Give an unaltered copy of the listing below, minus its pictures.

→ Input data:

^^^^

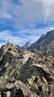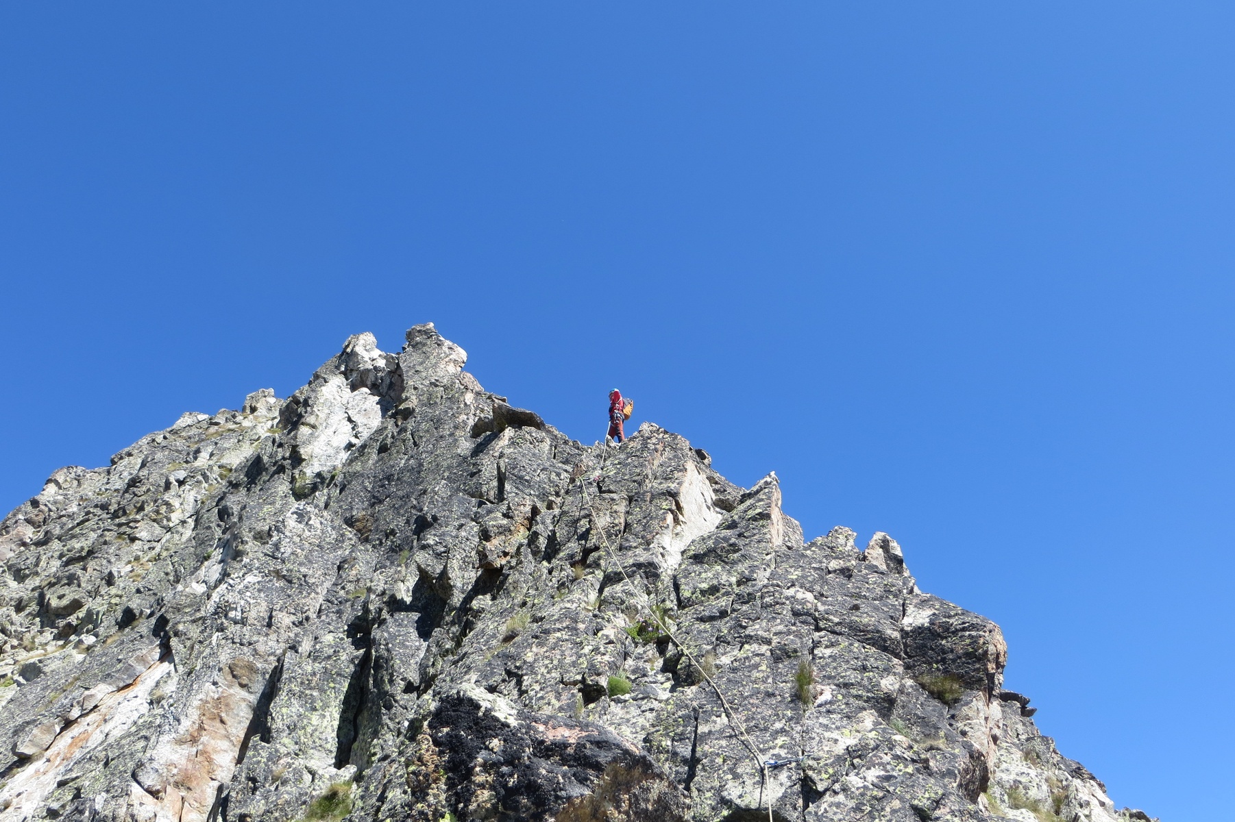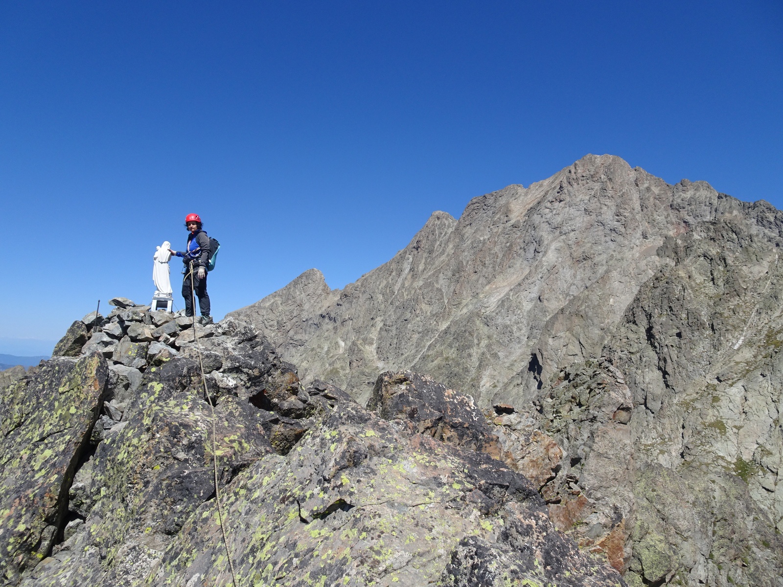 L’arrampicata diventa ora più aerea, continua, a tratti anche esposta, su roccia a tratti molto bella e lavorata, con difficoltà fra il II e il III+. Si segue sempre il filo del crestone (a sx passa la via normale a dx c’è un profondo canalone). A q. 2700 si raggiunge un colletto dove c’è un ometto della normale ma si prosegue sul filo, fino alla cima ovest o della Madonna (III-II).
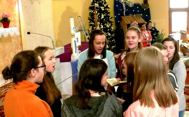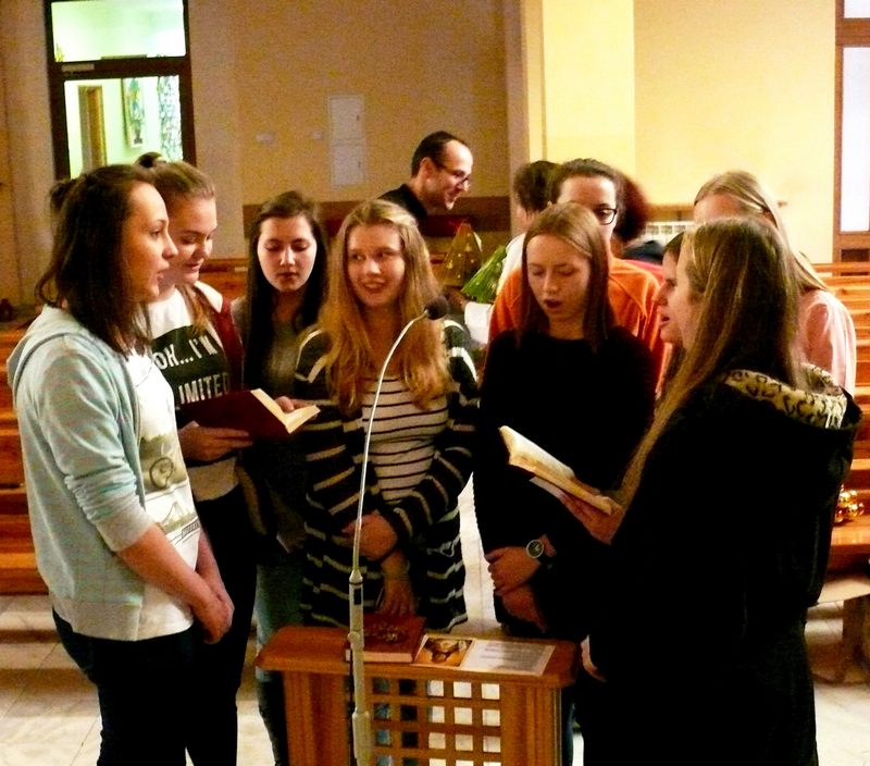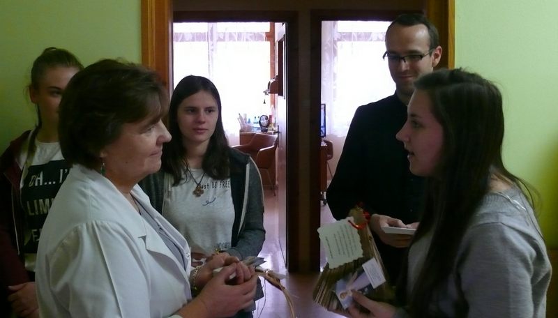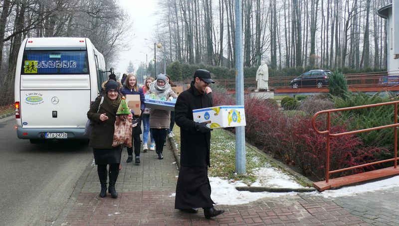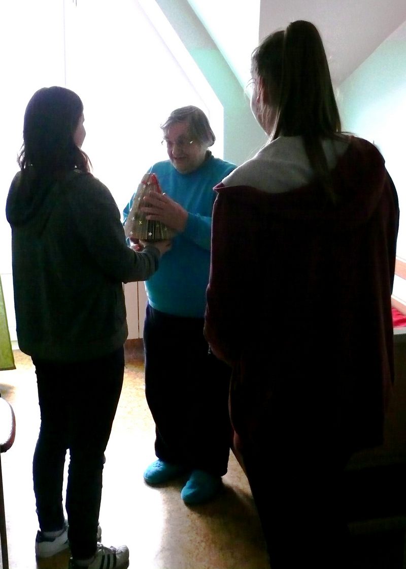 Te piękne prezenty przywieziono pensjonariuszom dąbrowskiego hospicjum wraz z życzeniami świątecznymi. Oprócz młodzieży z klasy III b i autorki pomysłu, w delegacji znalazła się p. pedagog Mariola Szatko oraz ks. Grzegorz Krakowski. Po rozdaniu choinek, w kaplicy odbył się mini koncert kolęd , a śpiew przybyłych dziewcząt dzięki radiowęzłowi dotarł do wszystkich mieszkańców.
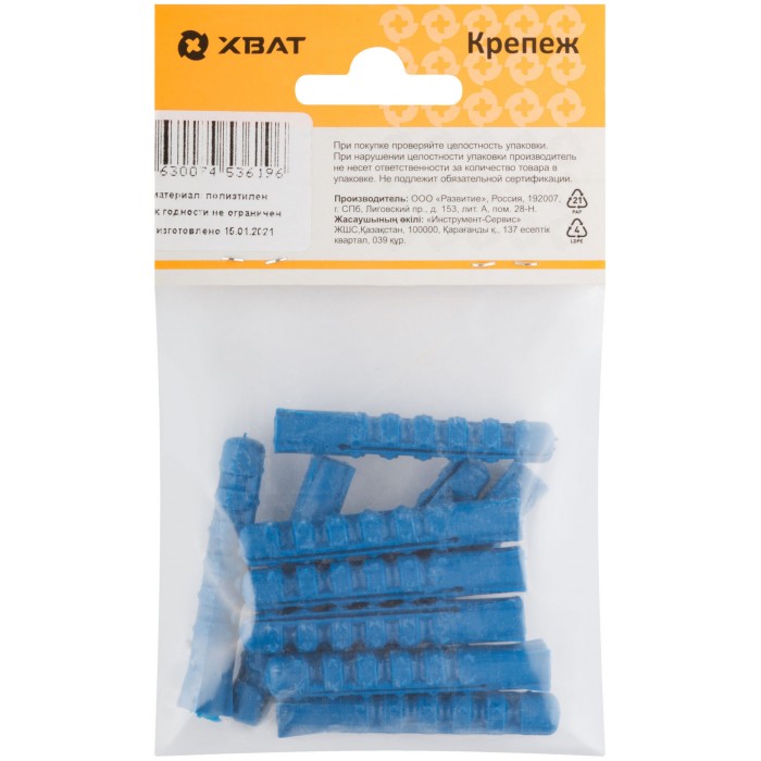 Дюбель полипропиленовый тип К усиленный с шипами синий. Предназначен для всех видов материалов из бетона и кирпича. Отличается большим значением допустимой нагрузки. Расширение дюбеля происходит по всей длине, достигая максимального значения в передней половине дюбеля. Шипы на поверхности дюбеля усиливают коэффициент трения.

^^^^

→ Result below:
 L’arrampicata diventa ora più aerea, continua, a tratti anche esposta, su roccia a tratti molto bella e lavorata, con difficoltà fra il II e il III+. Si segue sempre il filo del crestone (a sx passa la via normale a dx c’è un profondo canalone). A q. 2700 si raggiunge un colletto dove c’è un ometto della normale ma si prosegue sul filo, fino alla cima ovest o della Madonna (III-II).
 Te piękne prezenty przywieziono pensjonariuszom dąbrowskiego hospicjum wraz z życzeniami świątecznymi. Oprócz młodzieży z klasy III b i autorki pomysłu, w delegacji znalazła się p. pedagog Mariola Szatko oraz ks. Grzegorz Krakowski. Po rozdaniu choinek, w kaplicy odbył się mini koncert kolęd , a śpiew przybyłych dziewcząt dzięki radiowęzłowi dotarł do wszystkich mieszkańców.
 Дюбель полипропиленовый тип К усиленный с шипами синий. Предназначен для всех видов материалов из бетона и кирпича. Отличается большим значением допустимой нагрузки. Расширение дюбеля происходит по всей длине, достигая максимального значения в передней половине дюбеля. Шипы на поверхности дюбеля усиливают коэффициент трения.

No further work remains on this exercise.